**HOW TO COMPLETE THIS TASK**
Your task is to return the listing below word for word, without any of its images.

**COLLECTED MATERIAL**
▬▬▬

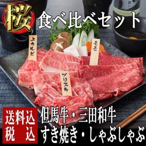 肉 牛肉 黒毛和牛肉ギフト 食べ比べ 但馬牛・三田和牛食べ比べセット 三種 桜 すき焼き・しゃぶしゃぶ300g ミートマイチク
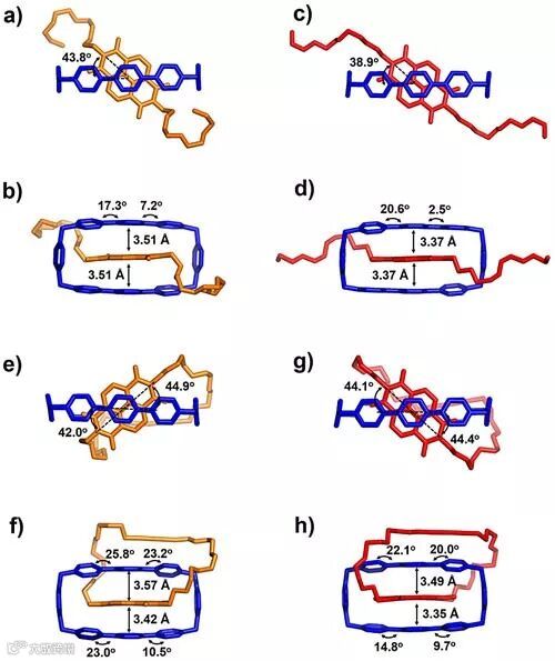 图2. (a, b)NDI⊂ExBox4+、(c, d)NDI•-⊂ExBox4+、(e, f)ExCat4+、(g, h)ExCat(•–)(4+)的单晶结构图。
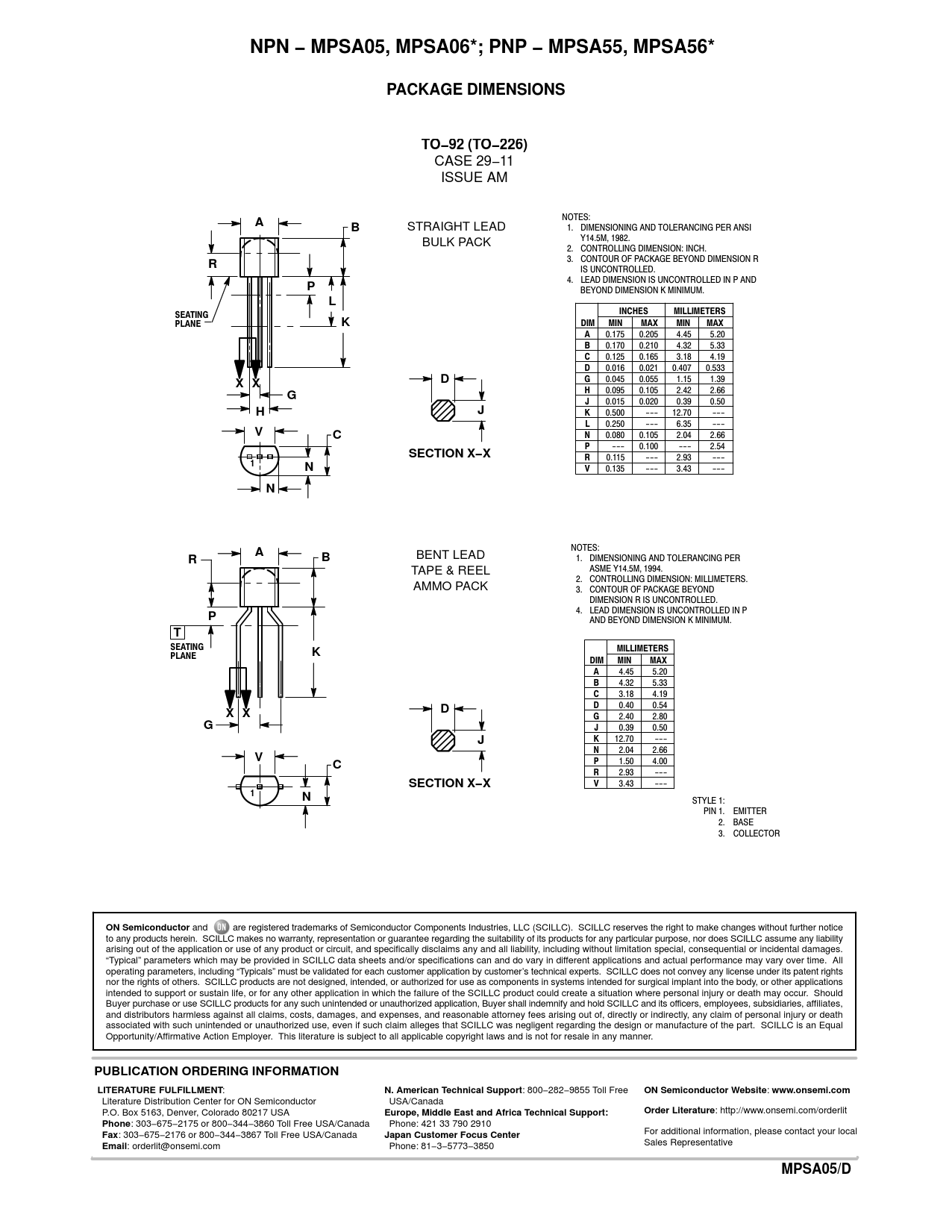 NPN − MPSA05, MPSA06*; PNP − MPSA55, MPSA56*PACKAGE DIMENSIONSTO−92 (TO−226) CASE 29−11 ISSUE AM NOTES: AB STRAIGHT LEAD 1. DIMENSIONING AND TOLERANCING PER ANSI Y14.5M, 1982. BULK PACK 2. CONTROLLING DIMENSION: INCH. 3. CONTOUR OF PACKAGE BEYOND DIMENSION R R IS UNCONTROLLED. 4. LEAD DIMENSION IS UNCONTROLLED IN P AND P BEYOND DIMENSION K MINIMUM. L SEATING INCHES MILLIMETERS PLANE K DIM MIN MAX MIN MAX A 0.175 0.205 4.45 5.20 B 0.170 0.210 4.32 5.33 C 0.125 0.165 3.18 4.19 D 0.016 0.021 0.407 0.533 DX X G 0.045 0.055 1.15 1.39 G H 0.095 0.105 2.42 2.66 J 0.015 0.020 0.39 0.50 HJ K 0.500 −−− 12.70 −−− L 0.250 −−− 6.35 −−− VC N 0.080 0.105 2.04 2.66 P −−− 0.100 −−− 2.54 SECTION X−X R 0.115 −−− 2.93 −−− 1 N V 0.135 −−− 3.43 −−− N NOTES: ARB BENT LEAD 1. DIMENSIONING AND TOLERANCING PER ASME Y14.5M, 1994. TAPE & REEL 2. CONTROLLING DIMENSION: MILLIMETERS. AMMO PACK 3. CONTOUR OF PACKAGE BEYOND DIMENSION R IS UNCONTROLLED. 4. LEAD DIMENSION IS UNCONTROLLED IN P P AND BEYOND DIMENSION K MINIMUM. T SEATING K MILLIMETERS PLANE DIM MIN MAX A 4.45 5.20 B 4.32 5.33 C 3.18 4.19 D D 0.40 0.54 X X G 2.40 2.80 G J 0.39 0.50 J K 12.70 −−− N 2.04 2.66 VC P 1.50 4.00 R 2.93 −−− SECTION X−X V 3.43 −−− 1 N STYLE 1: PIN 1. EMITTER 2. BASE 3. COLLECTOR ON Semiconductor and are registered trademarks of Semiconductor Components Industries, LLC (SCILLC). SCILLC reserves the right to make changes without further notice to any products herein. SCILLC makes no warranty, representation or guarantee regarding the suitability of its products for any particular purpose, nor does SCILLC assume any liability arising out of the application or use of any product or circuit, and specifically disclaims any and all liability, including without limitation special, consequential or incidental damages. “Typical” parameters which may be provided in SCILLC data sheets and/or specifications can and do vary in different applications and actual performance may vary over time. All operating parameters, including “Typicals” must be validated for each customer application by customer’s technical experts. SCILLC does not convey any license under its patent rights nor the rights of others. SCILLC products are not designed, intended, or authorized for use as components in systems intended for surgical implant into the body, or other applications intended to support or sustain life, or for any other application in which the failure of the SCILLC product could create a situation where personal injury or death may occur. Should Buyer purchase or use SCILLC products for any such unintended or unauthorized application, Buyer shall indemnify and hold SCILLC and its officers, employees, subsidiaries, affiliates, and distributors harmless against all claims, costs, damages, and expenses, and reasonable attorney fees arising out of, directly or indirectly, any claim of personal injury or death associated with such unintended or unauthorized use, even if such claim alleges that SCILLC was negligent regarding the design or manufacture of the part. SCILLC is an Equal Opportunity/Affirmative Action Employer. This literature is subject to all applicable copyright laws and is not for resale in any manner. PUBLICATION ORDERING INFORMATIONLITERATURE FULFILLMENT : N. American Technical Support : 800−282−9855 Toll Free ON Semiconductor Website : www.onsemi.com Literature Distribution Center for ON Semiconductor USA/Canada P.O. Box 5163, Denver, Colorado 80217 USA Europe, Middle East and Africa Technical Support:Order Literature : http://www.onsemi.com/orderlit Phone : 303−675−2175 or 800−344−3860 Toll Free USA/Canada Phone: 421 33 790 2910 Fax : 303−675−2176 or 800−344−3867 Toll Free USA/Canada Japan Customer Focus Center For additional information, please contact your local Email : orderlit@onsemi.com Phone: 81−3−5773−3850 Sales Representative http://onsemi.comMPSA05/D7

▬▬▬

**RESPONSE**
 肉 牛肉 黒毛和牛肉ギフト 食べ比べ 但馬牛・三田和牛食べ比べセット 三種 桜 すき焼き・しゃぶしゃぶ300g ミートマイチク
 图2. (a, b)NDI⊂ExBox4+、(c, d)NDI•-⊂ExBox4+、(e, f)ExCat4+、(g, h)ExCat(•–)(4+)的单晶结构图。
 NPN − MPSA05, MPSA06*; PNP − MPSA55, MPSA56*PACKAGE DIMENSIONSTO−92 (TO−226) CASE 29−11 ISSUE AM NOTES: AB STRAIGHT LEAD 1. DIMENSIONING AND TOLERANCING PER ANSI Y14.5M, 1982. BULK PACK 2. CONTROLLING DIMENSION: INCH. 3. CONTOUR OF PACKAGE BEYOND DIMENSION R R IS UNCONTROLLED. 4. LEAD DIMENSION IS UNCONTROLLED IN P AND P BEYOND DIMENSION K MINIMUM. L SEATING INCHES MILLIMETERS PLANE K DIM MIN MAX MIN MAX A 0.175 0.205 4.45 5.20 B 0.170 0.210 4.32 5.33 C 0.125 0.165 3.18 4.19 D 0.016 0.021 0.407 0.533 DX X G 0.045 0.055 1.15 1.39 G H 0.095 0.105 2.42 2.66 J 0.015 0.020 0.39 0.50 HJ K 0.500 −−− 12.70 −−− L 0.250 −−− 6.35 −−− VC N 0.080 0.105 2.04 2.66 P −−− 0.100 −−− 2.54 SECTION X−X R 0.115 −−− 2.93 −−− 1 N V 0.135 −−− 3.43 −−− N NOTES: ARB BENT LEAD 1. DIMENSIONING AND TOLERANCING PER ASME Y14.5M, 1994. TAPE & REEL 2. CONTROLLING DIMENSION: MILLIMETERS. AMMO PACK 3. CONTOUR OF PACKAGE BEYOND DIMENSION R IS UNCONTROLLED. 4. LEAD DIMENSION IS UNCONTROLLED IN P P AND BEYOND DIMENSION K MINIMUM. T SEATING K MILLIMETERS PLANE DIM MIN MAX A 4.45 5.20 B 4.32 5.33 C 3.18 4.19 D D 0.40 0.54 X X G 2.40 2.80 G J 0.39 0.50 J K 12.70 −−− N 2.04 2.66 VC P 1.50 4.00 R 2.93 −−− SECTION X−X V 3.43 −−− 1 N STYLE 1: PIN 1. EMITTER 2. BASE 3. COLLECTOR ON Semiconductor and are registered trademarks of Semiconductor Components Industries, LLC (SCILLC). SCILLC reserves the right to make changes without further notice to any products herein. SCILLC makes no warranty, representation or guarantee regarding the suitability of its products for any particular purpose, nor does SCILLC assume any liability arising out of the application or use of any product or circuit, and specifically disclaims any and all liability, including without limitation special, consequential or incidental damages. “Typical” parameters which may be provided in SCILLC data sheets and/or specifications can and do vary in different applications and actual performance may vary over time. All operating parameters, including “Typicals” must be validated for each customer application by customer’s technical experts. SCILLC does not convey any license under its patent rights nor the rights of others. SCILLC products are not designed, intended, or authorized for use as components in systems intended for surgical implant into the body, or other applications intended to support or sustain life, or for any other application in which the failure of the SCILLC product could create a situation where personal injury or death may occur. Should Buyer purchase or use SCILLC products for any such unintended or unauthorized application, Buyer shall indemnify and hold SCILLC and its officers, employees, subsidiaries, affiliates, and distributors harmless against all claims, costs, damages, and expenses, and reasonable attorney fees arising out of, directly or indirectly, any claim of personal injury or death associated with such unintended or unauthorized use, even if such claim alleges that SCILLC was negligent regarding the design or manufacture of the part. SCILLC is an Equal Opportunity/Affirmative Action Employer. This literature is subject to all applicable copyright laws and is not for resale in any manner. PUBLICATION ORDERING INFORMATIONLITERATURE FULFILLMENT : N. American Technical Support : 800−282−9855 Toll Free ON Semiconductor Website : www.onsemi.com Literature Distribution Center for ON Semiconductor USA/Canada P.O. Box 5163, Denver, Colorado 80217 USA Europe, Middle East and Africa Technical Support:Order Literature : http://www.onsemi.com/orderlit Phone : 303−675−2175 or 800−344−3860 Toll Free USA/Canada Phone: 421 33 790 2910 Fax : 303−675−2176 or 800−344−3867 Toll Free USA/Canada Japan Customer Focus Center For additional information, please contact your local Email : orderlit@onsemi.com Phone: 81−3−5773−3850 Sales Representative http://onsemi.comMPSA05/D7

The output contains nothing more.